We tried to time our hunts for the beginning of the rut when the bulls are less cautious. In that area, usually the first week of September.
It was "bluebird weather", not what i liked as the fallen leaves would be crunchy and noisy as cornflakes underfoot, making stalking nigh impossible. Only an hour or two in the morning could be counted on, between 9 and 11am when the frost had melted, with leaves and grass still damp. By noon the sun dried things out. We hoped for rain or snow, this was no camping trip, just pure hunting!

Hastily making camp in the back of the old truck as it was dark 30, we fed a small fire and excitedly readied our guns and equipment for the morning. All had been ready for weeks but.....:biggrin: last minute checks are good, they remind you of the things you could not remember last week! I had learned a few years before to call Moose and decided to demonstrate for my pal. I got the birchbark call i had made from my kit (very authentic and cool looking but a rolled up magazine was just as good:rolleyes:) and rolled off an imitation of a cow moose for him. This sounds just like the last couple seconds of a fire siren winding down and trailing off.....it DOES, honestly!
As i put the call down my buddy smiled and was about to say something when a huge deep deep snort/grunt exploded over us from very nearby! We both leaped up, scared spitless, and totally startled!

Bull Moose!!!! Right smack in our camp!!! Lunging for our rifles because we were just plain freaked out, we both loaded before we said a word.
In areas of no human habitation where we were, a Bull Moose in the rut is a really dumb and dangerous animal knowing nothing of humans. Not that he would attack you specifically, but the big dummie, with his pea brain overridden by pure lust could very well trample you or whack you out of the way while looking for the "sexy lady" that he just knew was there!

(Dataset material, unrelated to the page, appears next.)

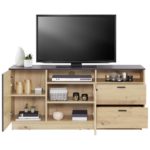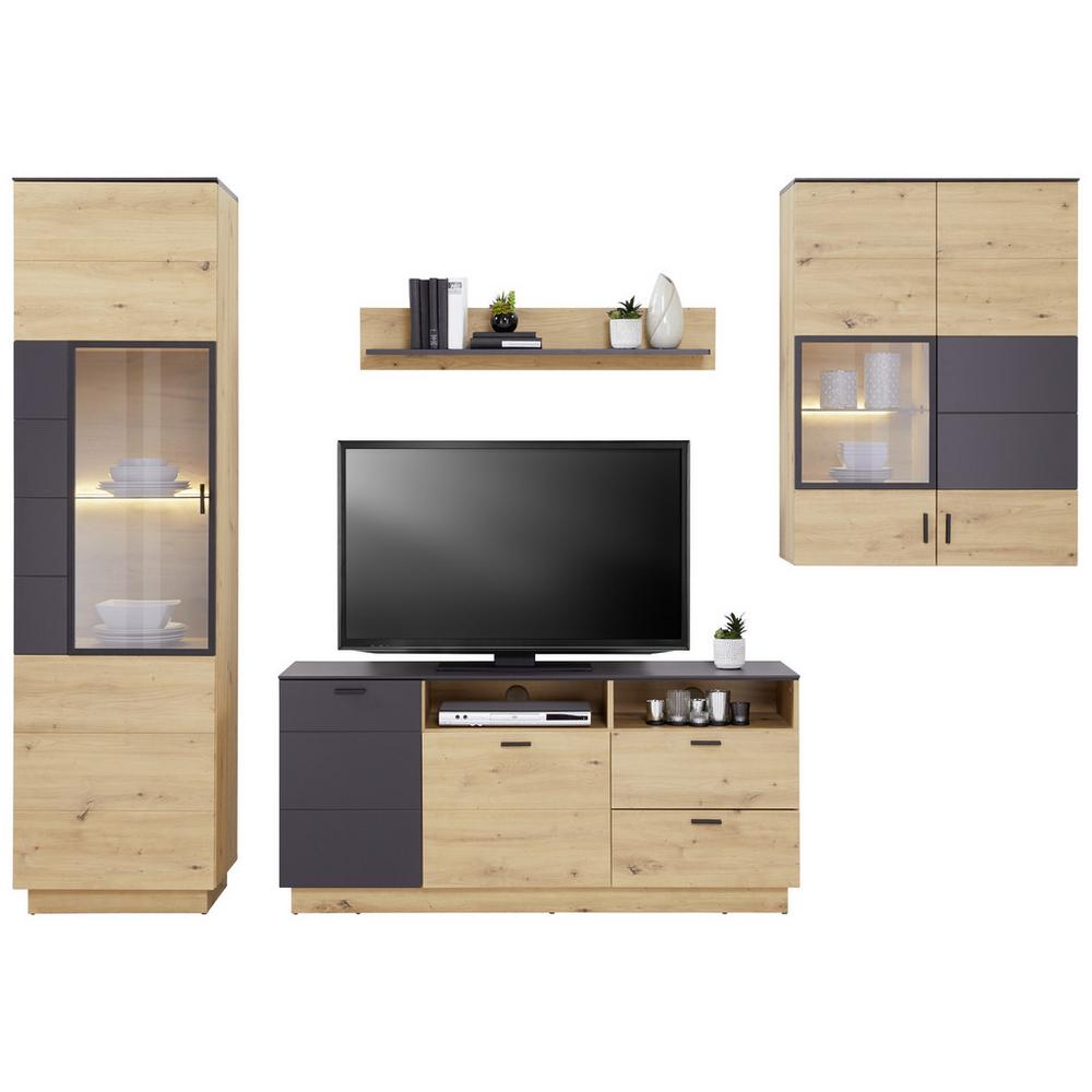 Priamočiary, domácky, priestranný: nábytok TONALE sa prezentuje nadčasovým trendovým dizajnom, ktorý možno ľahko kombinovať s rôznymi štýlmi zariadenia. Vyrobený je z robustného, dreveného dekoru, ktorý presvedčí farebnou kombináciou kozmickej sivej a dub artisan. Čierne úchytky dotvárajú vzhľad harmonickým spôsobom a melamínový povrch sa postará o dlhodobo krásny vzhľad a ľahkú údržbu. TV diel TONALE má veľkorysé rozmery okolo 146,8 x 68,6 x 40 cm (Š x V x H), a ponúka premyslený úložný priestor pre hernú alebo filmovú zbierku, plochý televízor či dekorácie. V zásuvkách a za dvomi dvierkami s dvomi polohovateľnými policami ťažíte z flexibilného priestoru. Dve otvorené priehradky dobre poslúžia na prijímače. Samozrejmosťou je aj diskrétny otvor na káble. Získajte nábytok TONALE ako funkčný a štýlový doplnok vášho domova! Dúfame, že si ho užijete!

My mind was racing, and cunning hunter that i fancied myself to be, i whispered to my buddy....lets just go quietly to bed and not scare him off, maybe in the moroning, (yep, not a mispelling, "moroning" is the applicable word here) he will be around and we can fill a tag the easy way. That whispered conversation was a joke also, as that "swamp donkey" with his radar ears could have heard me from a 1/2 mile away and he just did not care! :lol: We retired to the homemade camper, speculating a bit about what time it would be shooting light in the morning and began to try and get some sleep.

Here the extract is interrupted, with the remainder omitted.